[Goal of the exercise]: Using the entries that follow, transcribe only the lines from the line with "Also be sure" to the line with "J’ai fait le", both included, exactly as they stand and without pictures.

Stored records:
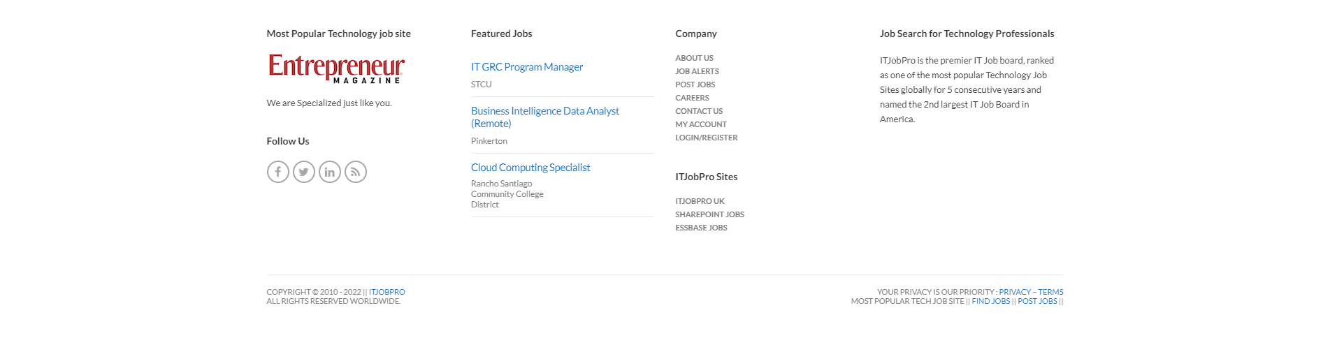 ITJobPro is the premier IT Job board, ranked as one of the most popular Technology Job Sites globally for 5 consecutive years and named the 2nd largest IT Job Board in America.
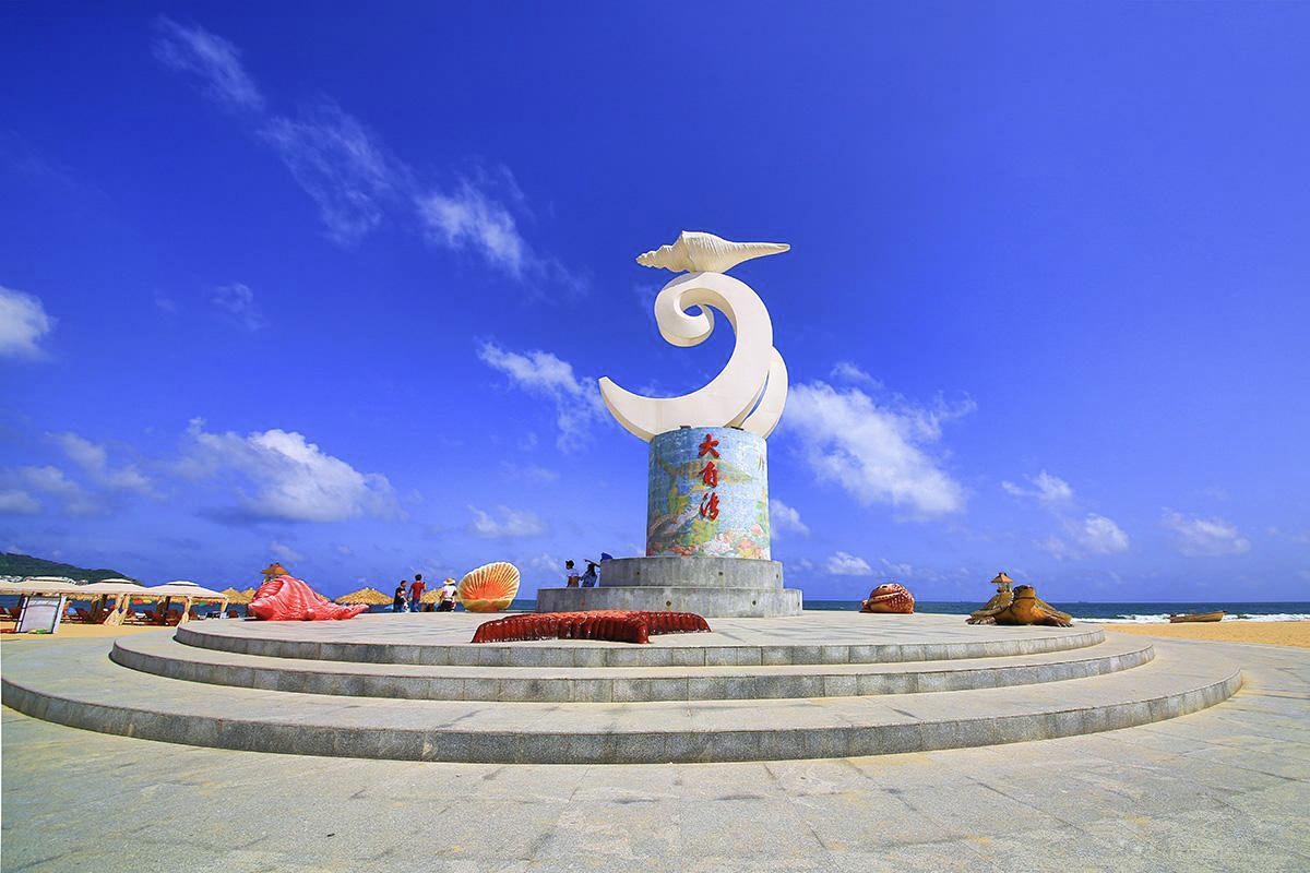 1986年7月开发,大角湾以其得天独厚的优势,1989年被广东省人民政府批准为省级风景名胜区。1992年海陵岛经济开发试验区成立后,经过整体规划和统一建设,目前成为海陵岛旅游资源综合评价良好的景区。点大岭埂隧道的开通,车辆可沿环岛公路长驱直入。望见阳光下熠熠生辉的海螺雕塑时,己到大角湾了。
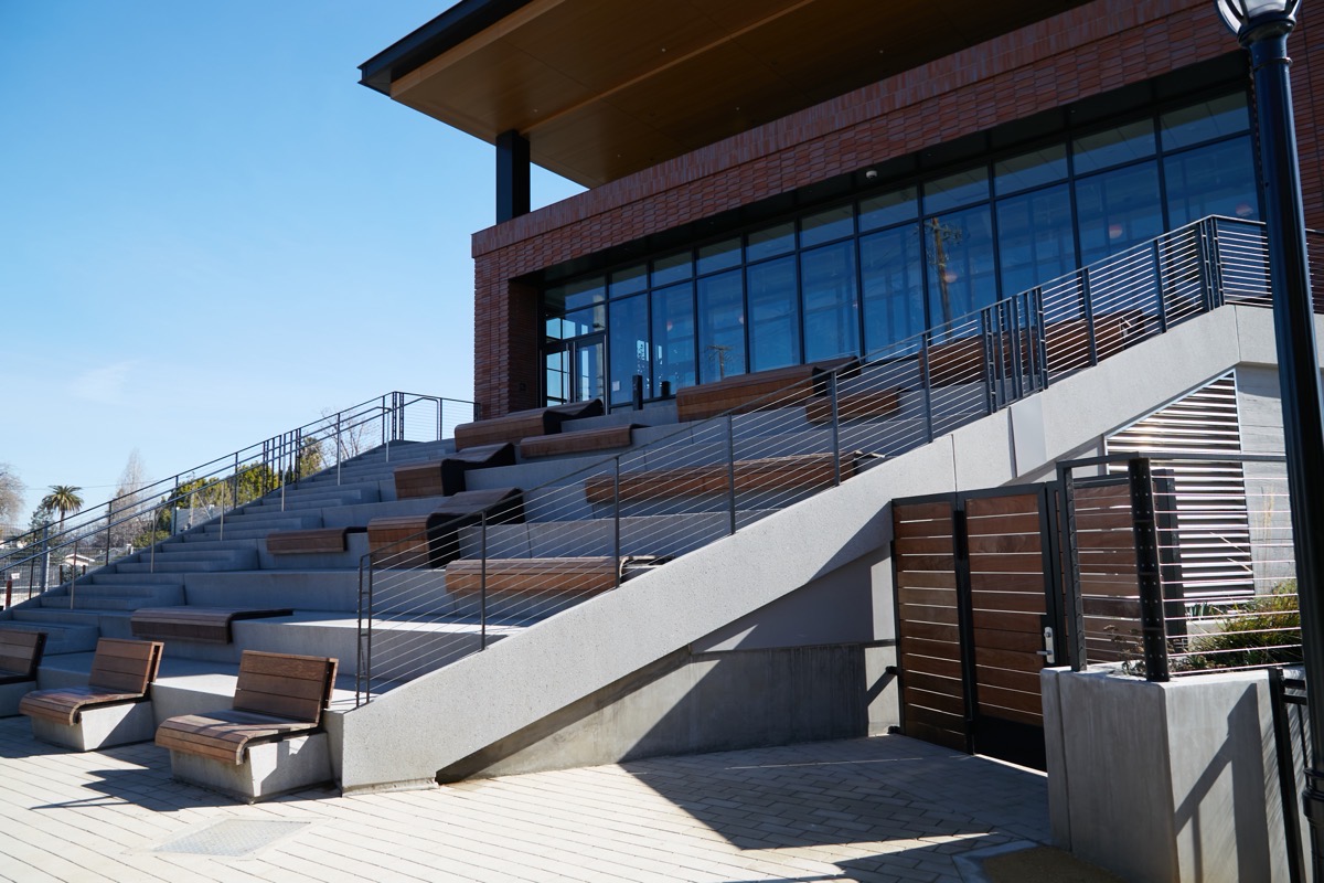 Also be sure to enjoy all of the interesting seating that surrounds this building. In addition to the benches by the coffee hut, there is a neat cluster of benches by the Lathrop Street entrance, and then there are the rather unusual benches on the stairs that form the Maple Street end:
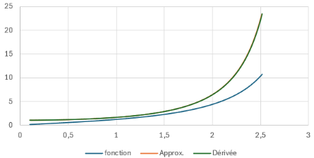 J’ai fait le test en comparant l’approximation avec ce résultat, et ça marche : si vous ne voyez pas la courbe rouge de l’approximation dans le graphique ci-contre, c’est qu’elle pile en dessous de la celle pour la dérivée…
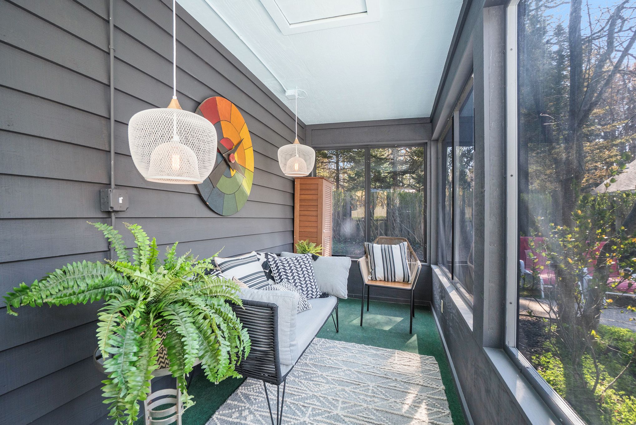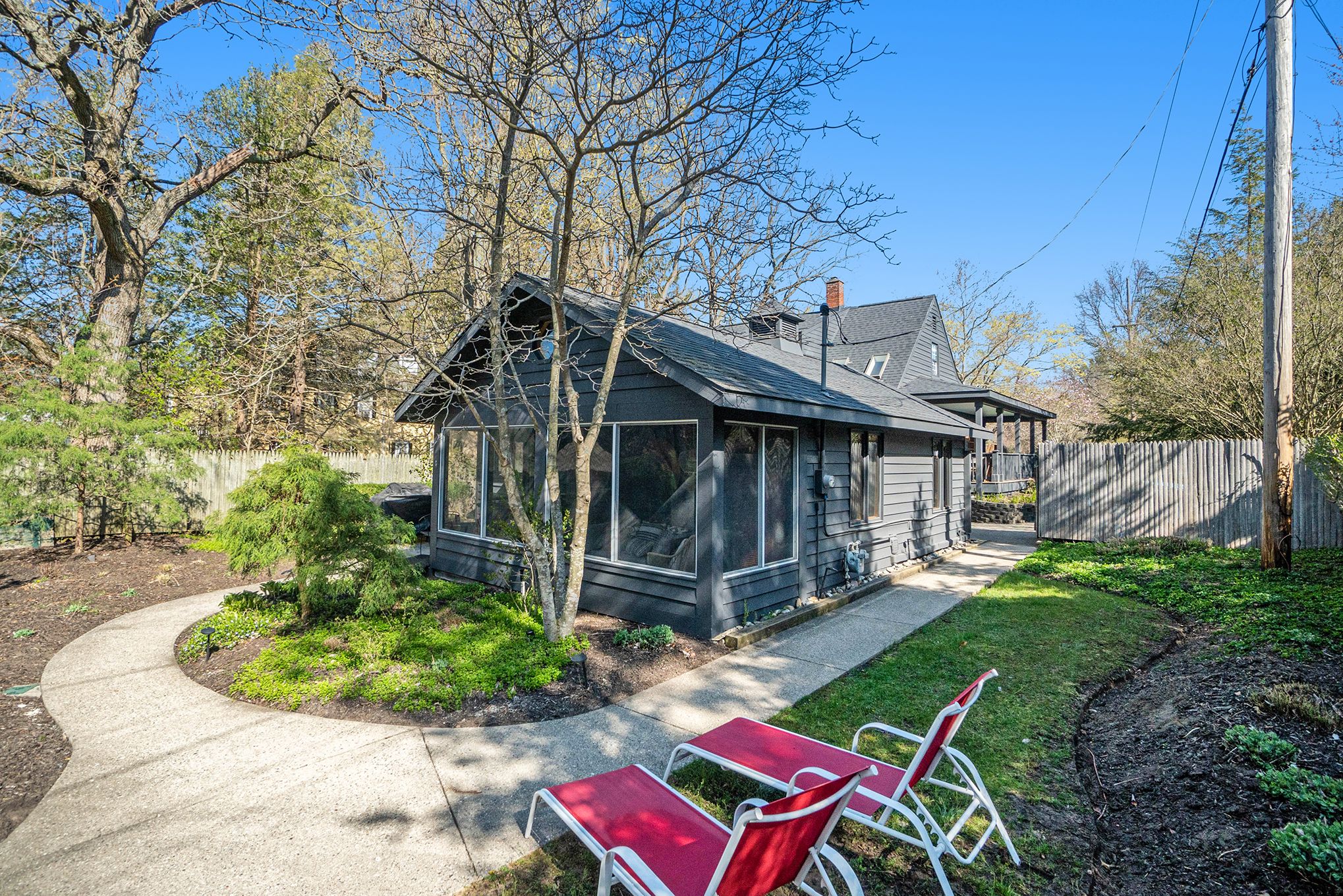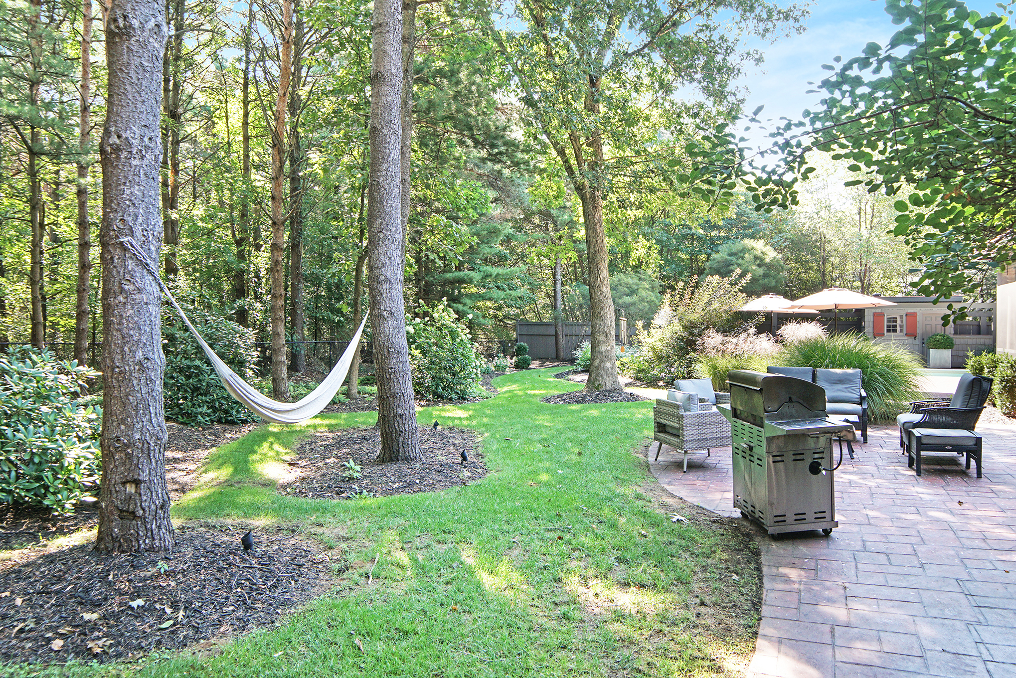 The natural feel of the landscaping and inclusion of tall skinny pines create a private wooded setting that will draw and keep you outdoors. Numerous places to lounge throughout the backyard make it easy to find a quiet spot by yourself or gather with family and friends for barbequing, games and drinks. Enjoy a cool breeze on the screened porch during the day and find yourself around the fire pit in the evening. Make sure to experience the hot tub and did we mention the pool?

[Response]:
 Also be sure to enjoy all of the interesting seating that surrounds this building. In addition to the benches by the coffee hut, there is a neat cluster of benches by the Lathrop Street entrance, and then there are the rather unusual benches on the stairs that form the Maple Street end:
 J’ai fait le test en comparant l’approximation avec ce résultat, et ça marche : si vous ne voyez pas la courbe rouge de l’approximation dans le graphique ci-contre, c’est qu’elle pile en dessous de la celle pour la dérivée…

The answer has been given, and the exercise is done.